Young Czech doctors up in arms over pay and conditions
Young doctors getting residency training at clinics and hospitals in the Czech Republic are increasingly unhappy with their working conditions, with some saying they have no option but to leave the country. The Young Doctors group, which is made up of medicine graduates, is mainly concerned with the current system of receiving qualifications, though they also complain about low salaries. Ruth Fraňková reports.

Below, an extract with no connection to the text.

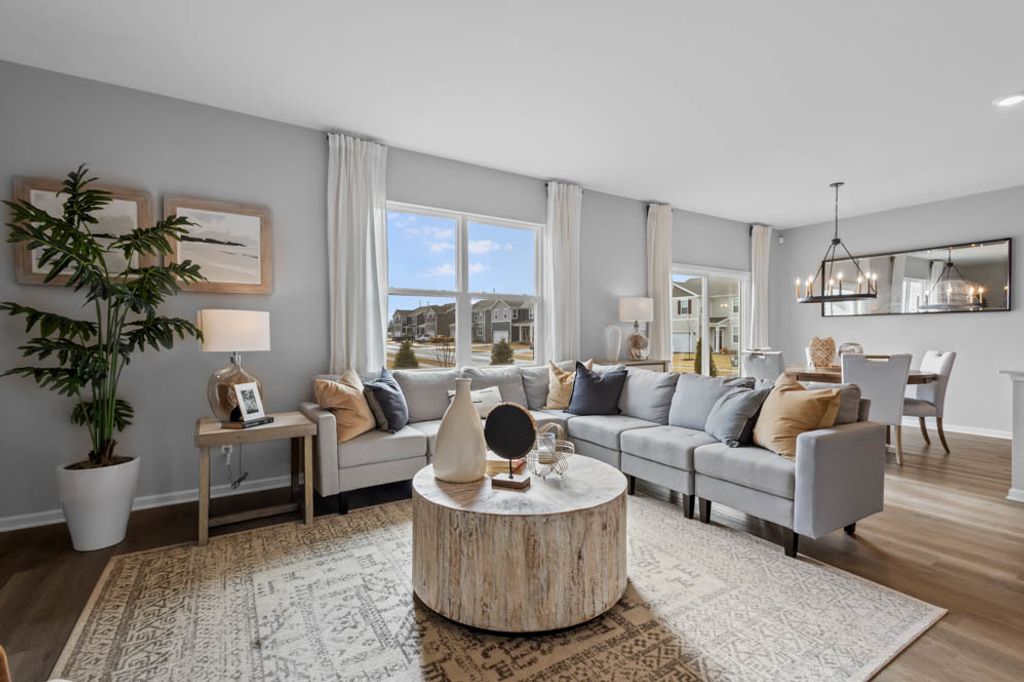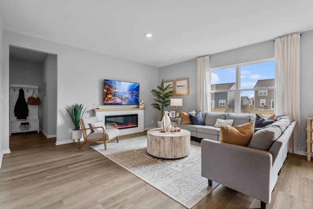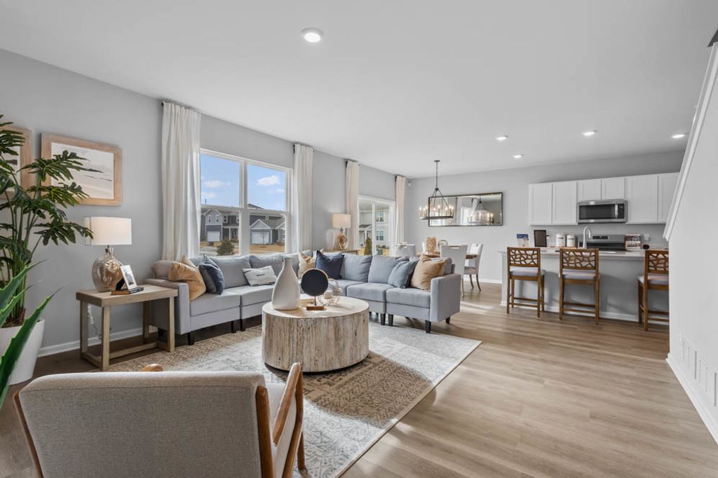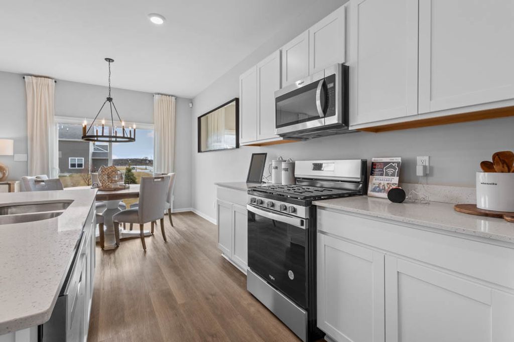Prepare to be wowed at 501 Autumn Moor Trail in Hampshire, Illinois. A beautiful new Henley floor plan in our Prairie Ridge community. This home will be ready for an early year move-in! This scenic home site includes a fully sodded yard. This open concept Henley plans offers 2,600 square feet of living space with 4 bedrooms, a loft, 2.5 bathrooms and a 1st floor flex room. Entertaining will be easy in this open-concept kitchen, dining and family room layout with a large island with overhang for stools. Additionally, the kitchen features a walk-in pantry, designer white soft close cabinetry, modern stainless-steel appliances, quartz countertops, and easy-to-maintain luxury vinyl plank flooring. For everyday ease, enjoy coming home to a large mud room right off the garage which also leads to a huge 1st floor walk-in storage closet. Plus, the 1st floor flex room offers a flexible space for an office, playroom, or create a formal living or dining room. As you head upstairs, you'll first notice even more space waiting in the 2nd-floor loft, offering unlimited potential like a movie room, 2nd family room, playroom or study/work area. Escape to your private getaway in your large primary bedroom and ensuite bathroom with dual sinks, quartz top vanity, and walk-in shower. Convenient 2nd floor walk-in laundry room, 3 additional bedrooms with a full second bath and linen closet complete the second floor, Need more space? This home also includes a huge, blanket wrapped insulated basement! All Chicago homes include our America's Smart Home Technology. Photos are of similar home, actual home may vary.
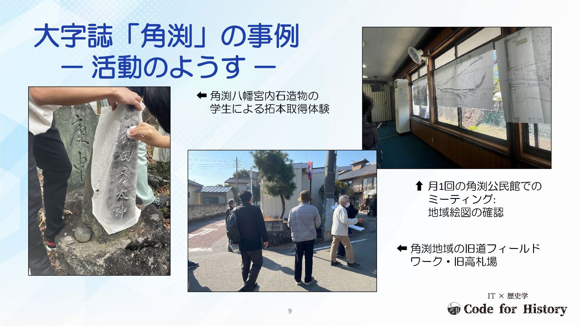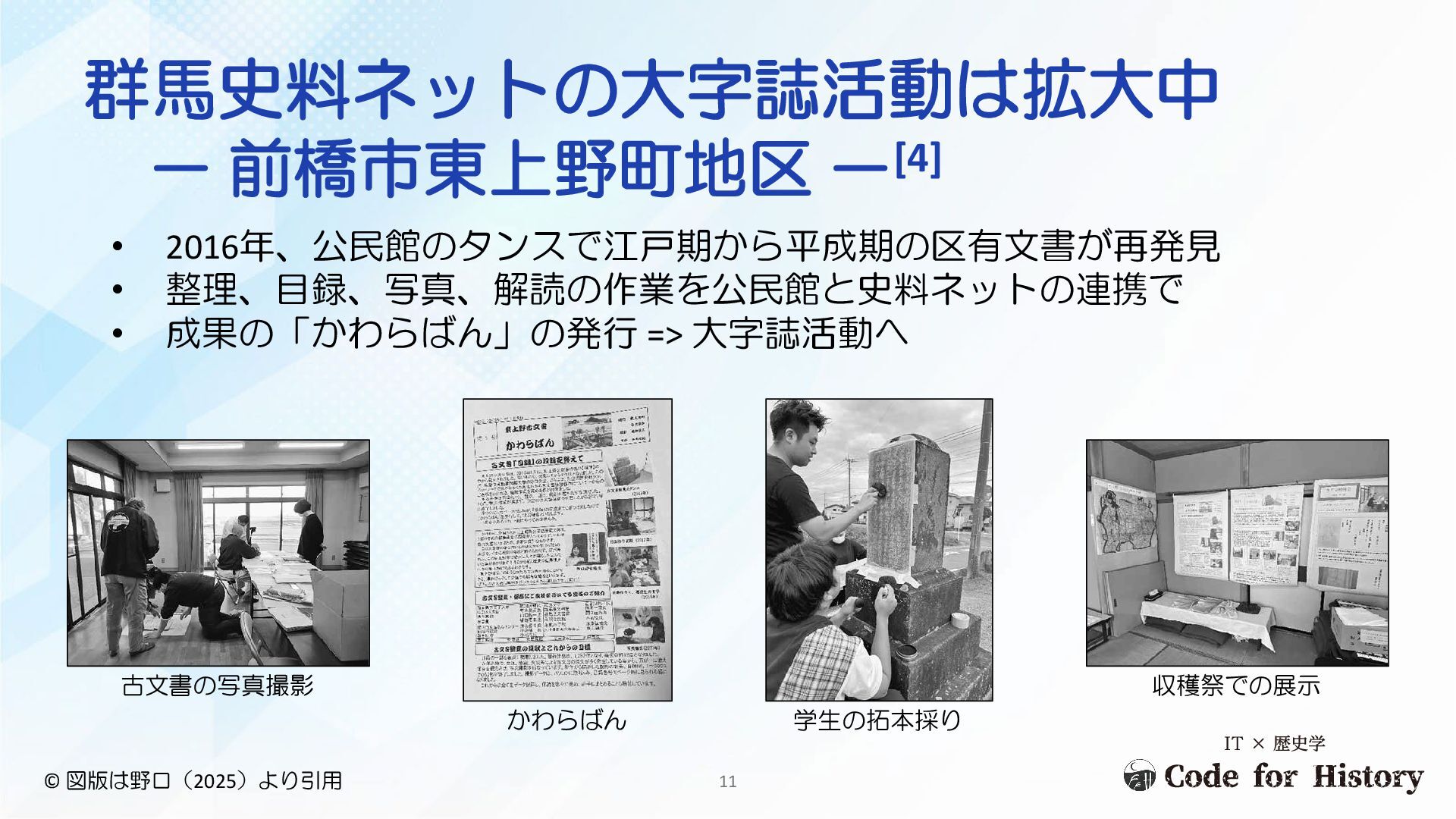 => 大字誌活動へ 古文書の写真撮影 かわらばん 学生の拓本採り 収穫祭での展示 © 図版は野口(2025)より引用 11

Young doctors in the Czech Republic who get residency training while preparing for professional exams only receive part-time contracts. In practice, however, they often put in full-time hours, for which they receive only part-time pay. Dr Eva Kusíková graduated four years ago and now works at a department of anaesthesia and intensive care medicine:
“Basically how it worked was you got a very low salary from the hospital, you got some scholarship from the faculty and you were expected to get some money from the ground for your scientific work. The problem is that officially you only worked for the hospital for about four hours a week but in reality you worked a full time or maybe even more for almost no money at all. This is how it worked for me for at least a year and a half.”
But low pay is not the only problem. Under the current legislation, medical graduates have to spend the first two years at one of a number of what are called “stem departments”. These, however, don’t cover all medical fields. As a result, doctors who want to become for instance eye specialists spend the first two years of their practice without actually seeing an eye. Tomáš Kocourek is the head of Young Doctors group, which was formed with the aim of changing the current system:“Now it is unfriendly to the doctors. The state and the ministry must make it easy for us or at least easier than it is now. This is the first condition. The second condition, which I think is universal for all jobs, is that we want more money. I think money for doctors in the Czech Republic is shameful. And third, we want to spend less time at work. If you are at work for 260 or 300 hours a month, you have no social and no private life. This is a serious problem.”
After a meeting with the Young Doctors group in Prague on Saturday, Health Minister Dana Jurásková promised to change the legislation to prevent such practices in the future. However, doctors such as Eva Kusíková remain sceptical:
“I would very much like to say I hope so and I always do hope so, but I don’t believe it anymore, because many of the young doctors will do the same things as I did just because they want to stay in Prague and work at a certain clinic. They will hope the conditions for them will improve. They will be willing to do it and if not, there will be ten other people to replace them. These promises sound to me very much like elections are coming.”